++++ THE INPUT ++++
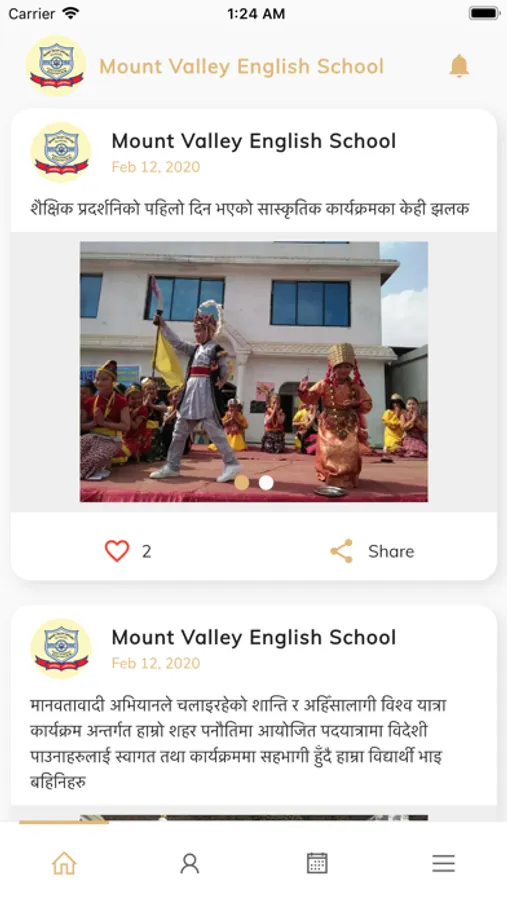 App for parents of students of Mount Valley English School.
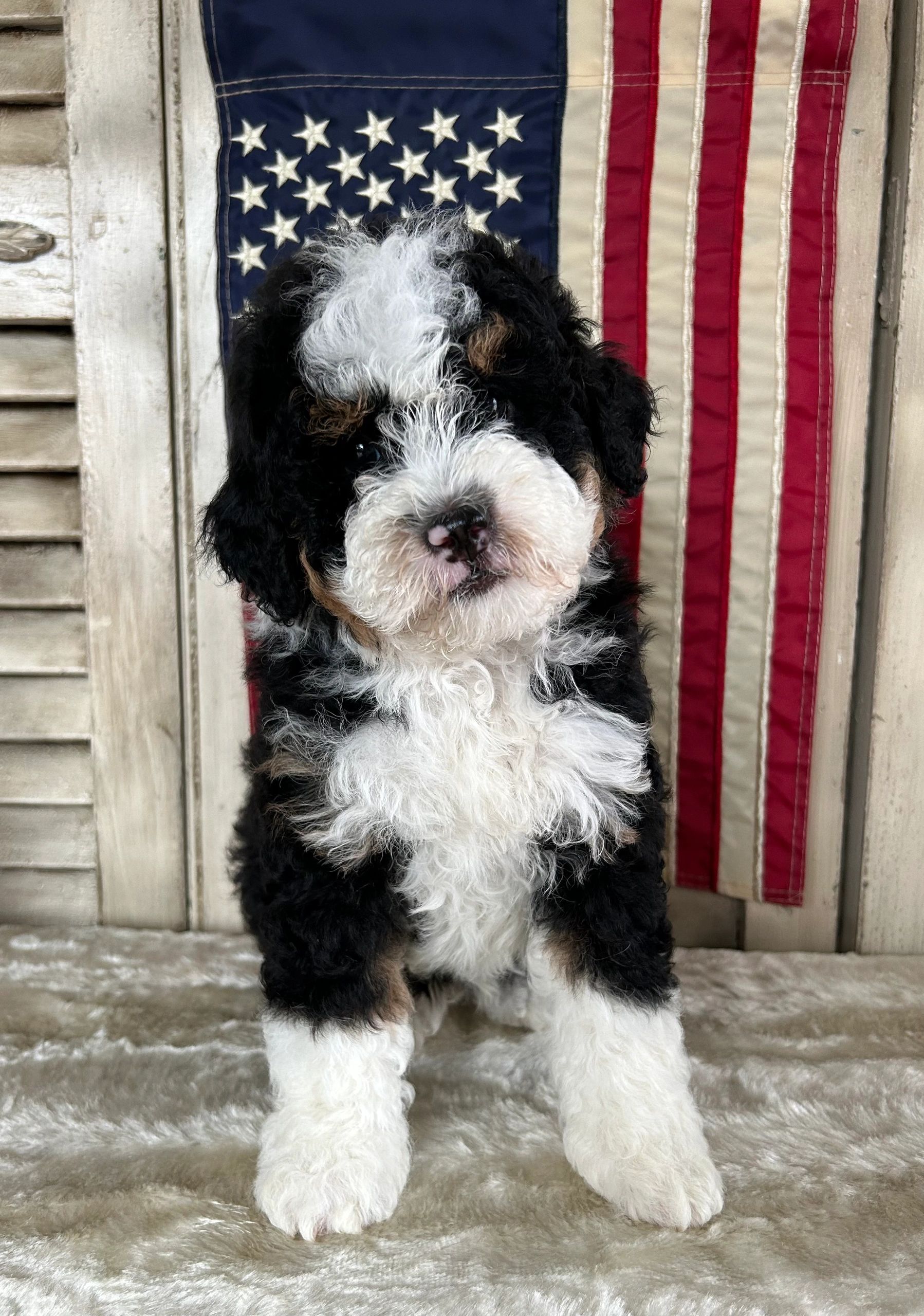 An F1b Mini Bernedoodle is the result of an F1 (first generation) Mini Bernedoodle being "back crossed" to a Mini Poodle. The result is a puppy with more poodle traits, * ideally, a more curly coat and a smaller body frame. (Approx 30 pounds)
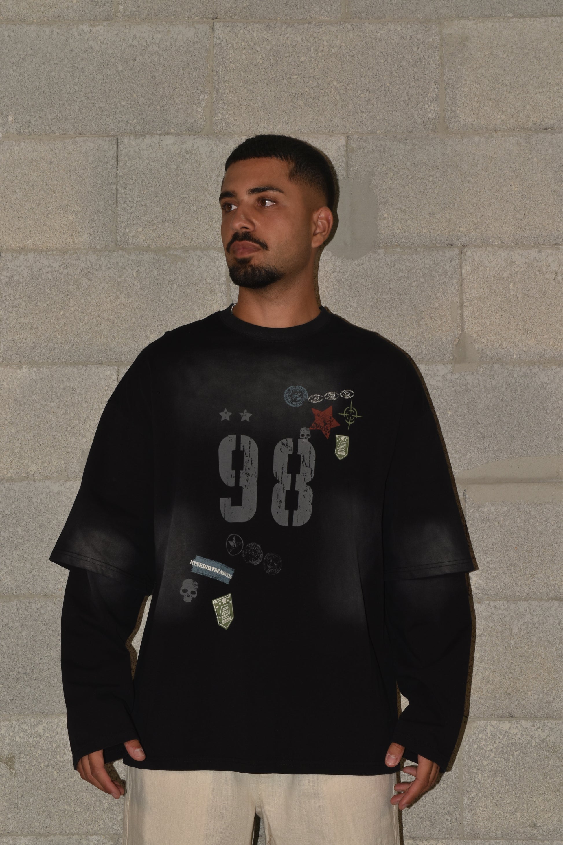 חולצה בד כפול, גזרת אוברסייז מראה אורבני. עשויה מבד כותנה נעים ואיכותי, מתאימה לשילוב עם ג׳ינס, מכנסיים קצרים או לוק שכבות.
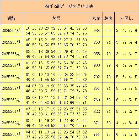 温顺8第2025263期奖号开出:04 05 11 13 14 20 23 24 27 32 33 42 45 55 58 62 64 70 79 80,其中奖号和值为761,跨度为76,四区比为6:5:4:5。
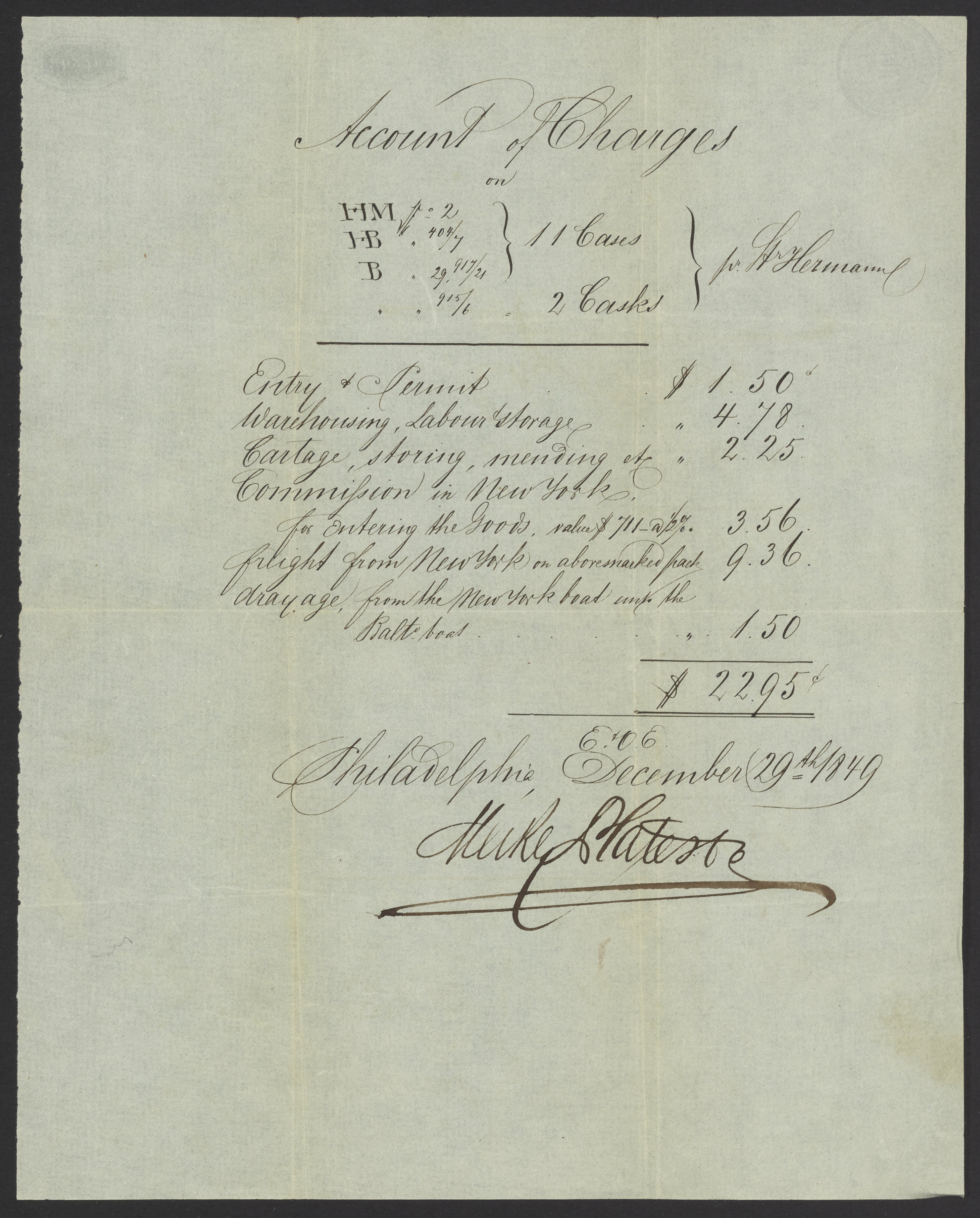 Morfit, Campbell. “List of Account Charges, December 29, 1849,” December 29, 1849. Papers of James Curtis Booth, Box 1, Folder 10. Science History Institute. Philadelphia. https://digital.sciencehistory.org/works/ex345s5.
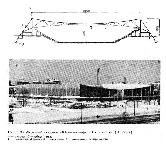 диаметром 94 м. Жесткость покрытия была обеспечена предварительным напряжением
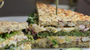Der Zwiebelkuchen kann vorsichtig gestürzt oder aus der Form serviert werden. Die Lauchzwiebeln hacken und zum Garnieren verwenden.
++++
**EXERCISE DESCRIPTION**
Leave the images out and print each entry exactly.

**RESPONSE**
 App for parents of students of Mount Valley English School.
 An F1b Mini Bernedoodle is the result of an F1 (first generation) Mini Bernedoodle being "back crossed" to a Mini Poodle. The result is a puppy with more poodle traits, * ideally, a more curly coat and a smaller body frame. (Approx 30 pounds)
 חולצה בד כפול, גזרת אוברסייז מראה אורבני. עשויה מבד כותנה נעים ואיכותי, מתאימה לשילוב עם ג׳ינס, מכנסיים קצרים או לוק שכבות.
 温顺8第2025263期奖号开出:04 05 11 13 14 20 23 24 27 32 33 42 45 55 58 62 64 70 79 80,其中奖号和值为761,跨度为76,四区比为6:5:4:5。
 Morfit, Campbell. “List of Account Charges, December 29, 1849,” December 29, 1849. Papers of James Curtis Booth, Box 1, Folder 10. Science History Institute. Philadelphia. https://digital.sciencehistory.org/works/ex345s5.
 диаметром 94 м. Жесткость покрытия была обеспечена предварительным напряжением
Der Zwiebelkuchen kann vorsichtig gestürzt oder aus der Form serviert werden. Die Lauchzwiebeln hacken und zum Garnieren verwenden.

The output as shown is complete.